1) What’s moving the stock

Galaxy Digital (GLXY) is sliding roughly 5% in Wednesday trading (April 29, 2026) as investors digest the company’s first-quarter 2026 results released April 28. The company posted a net loss of $216 million and negative adjusted EBITDA of $188 million, with management attributing the quarter’s loss primarily to depreciation in digital-asset prices.

2) Key numbers investors are reacting to

Beyond the headline loss, Galaxy reported Q1 2026 adjusted gross loss of $88 million. Balance-sheet metrics highlighted in the release included total equity of about $2.8 billion and cash and stablecoins of about $2.6 billion as of March 31, 2026, alongside net digital assets and investments of about $1.36 billion (down 19% quarter over quarter).

3) Offsets: data center progress, but not enough to outweigh the print

Galaxy emphasized operational milestones at its Helios data center campus, including delivery of the first data hall to CoreWeave and a stated plan to deliver substantially all 133 megawatts of critical IT capacity by the end of Q2 2026. The company also highlighted ERCOT approval for an additional 830 megawatts of power capacity at Helios, taking total approved capacity to over 1.6 gigawatts—supportive longer-term, but the near-term earnings impact remains dominated by crypto-market sensitivity.

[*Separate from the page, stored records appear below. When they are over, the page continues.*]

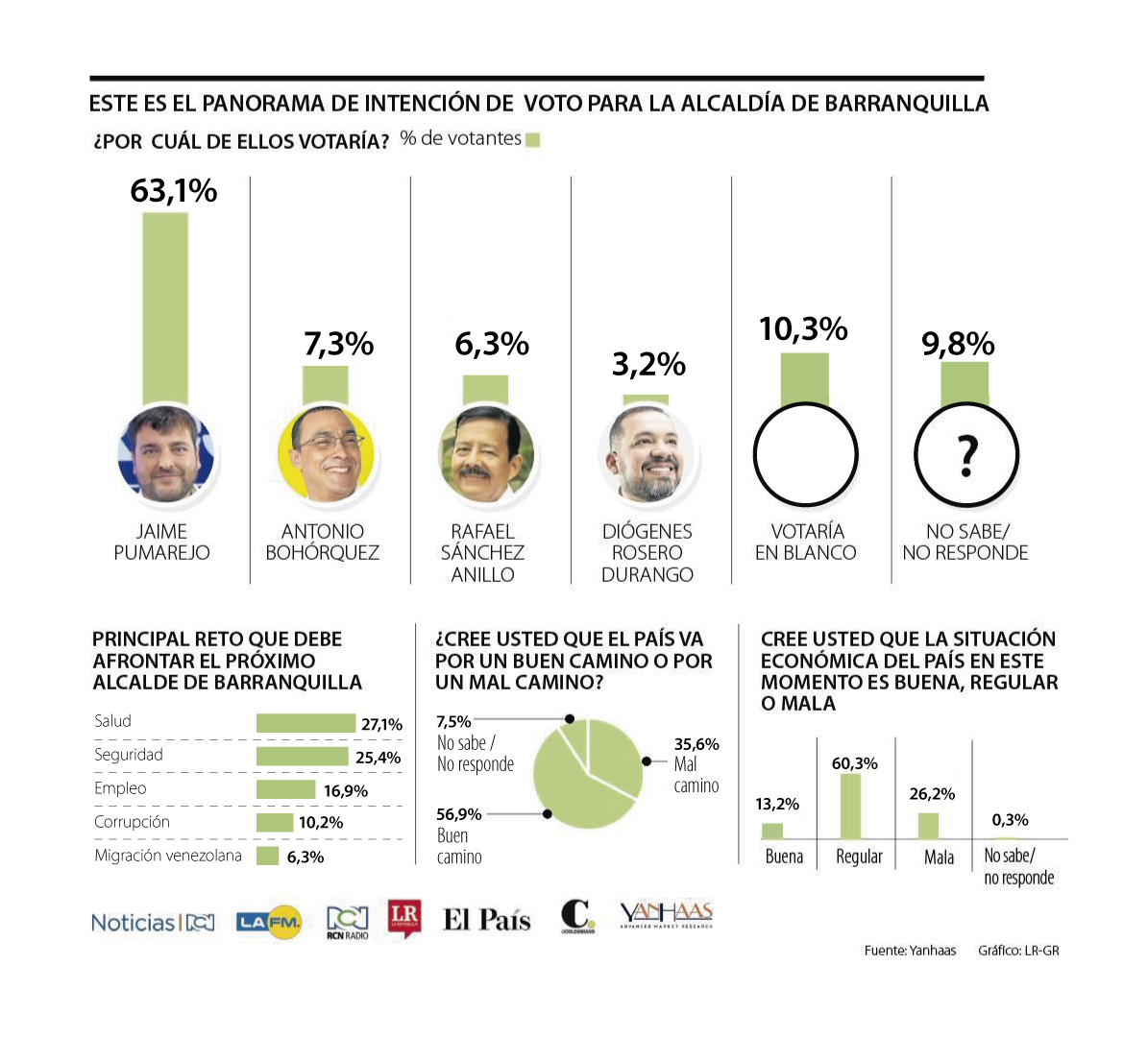 De acuerdo con los resultados de la Gran Encuesta, (Noticias RCN, La F.M., RCN Radio, El País, El Colombiano y el Diario La República) hecha por Yanhaas, la intención de voto para la Alcaldía de Barranquilla tiene un líder absoluto y es Jaime Pumarejo, pues a la pregunta sobre por cuál de los candidatos votaría, el 63,1% de los barranquilleros respondió por el exministro de Vivienda.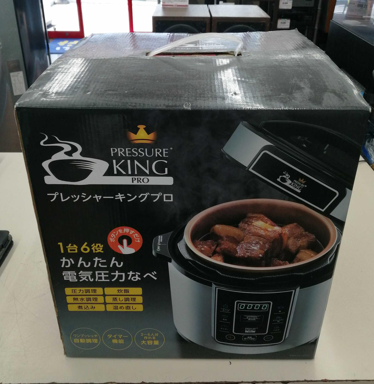 容量:3.2L 1台6役のかんたん電気圧力鍋。タイマー予約機能付き。これ一台で「蒸し調理」「炊飯」「煮込み」「無水調理」「温め直し」の6つの料理ができます |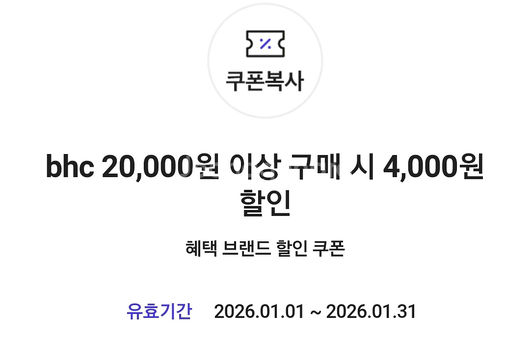 BHC 20,000원 이상 구매 시 4,000원 할인 쿠폰 유효기간 1월 31일까지

4) Capital actions and near-term setup

Galaxy said it repurchased 3.2 million shares for $65 million during the quarter, which it framed as more than offsetting dilution from 2025 employee stock-based compensation. With the stock reacting negatively to the Q1 loss, investors are likely to focus next on how quickly the Helios transition from construction to revenue scales through the remainder of Q2 2026 and whether digital-asset price moves continue to dominate quarterly results.